As states have hit the gas on privacy laws in the last year, industry is winning more concessions — and consumer groups are sounding the alarm.

CALIFORNIA, USA - JANUARY 20: A heavy police and California National Guard presence was on display around California State Capitol during Joe Biden's inauguration ceremony, on January 20, 2021 in Sacramento, California, United States. (Photo by Neal Waters/Anadolu Agency via Getty Images)

Critics say that each insufficient privacy bill that passes lowers the bar even more for what comes after — including possibly a national approach.

Photo: Neal Waters/Anadolu Agency via Getty Images

One morning back in February, Utah state Sen. Kirk Cullimore introduced an updated version of the bill that would soon become the state’s digital privacy law.
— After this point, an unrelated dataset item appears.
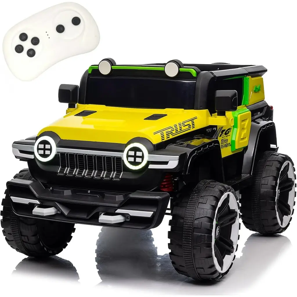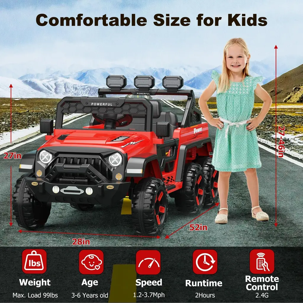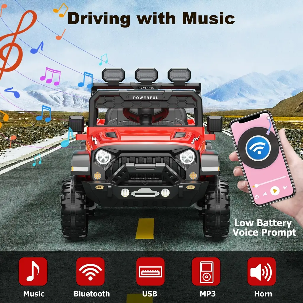 LONG RANGE&4WD:This 24 volt Electric Ride On toy car is powered by 24V 7Ah rechargeable battery, matching with 4 powerful motors,6 EVA wheels, enables you to drive 1.2-3.7mph on varied terrain such as grassland, Asphalt, Brick, Cobbled road for around 2 hours. Battery level display and low battery Voice Prompt to keep the battery level under control. TWO DRIVING MODES:Your kid can operate the pedals and steering to steer the car to drive. With only a single click, the power wheels can be turned on or off and offers high and low speeds. The steering can be moved left, right, forward, and backward with the supplied 2.4G remote control. It has 3 adjustable speeds. Naturally, parents only need to click to engage the brakes. SAFETY IS PRIORITY:The Ride on truck Car with parental remote control is equipped with various safety features, While kids driving, parent can always stop the moving car, change the speed or steering direction to avoid impacts. Parent control always takes over kid's manual control to ensure kids safety. The safety belt, lockable door, and soft start design help prevent children from being startled by sudden acceleration. The non-inflatable EVA wheels provide exceptionally smooth rides. REALISTIC DRIVING EXPERIENCE:Kids can control scoot electric motorized car acceleration, deceleration, and braking with the realistic non-slip foot pedal. The steering wheel is kid-friendly with rounded edges, a comfortable grip, and interactive horn and engine sound buttons. Enhancing the realistic experience are the windshield and rearview mirror. DRIVING WITH MUSIC: The kids battery powered vehicles allows you to connect your phone bluetooth or via USB to play music or stories for your little ones. With built-in music and Colorful multi-function control console, the battery car for will captivate any toddler's senses.

His measure would be simpler for consumers and less burdensome for business than the California rules that have come to define state privacy in the U.S., the Republican told his fellow members of the tax committee.

Then Cullimore turned the session over to a lawyer from an obscure but powerful industry-backed lobbying group, explaining that the group had helped write the bill and could explain its merits.

“I really want to be upfront about this and my hope that a Utah model could be copied in other states,” Anton van Seventer, of the State Privacy and Security Coalition, told the legislators. “It could serve as the most updated and streamlined model for state privacy legislation in the U.S. today.”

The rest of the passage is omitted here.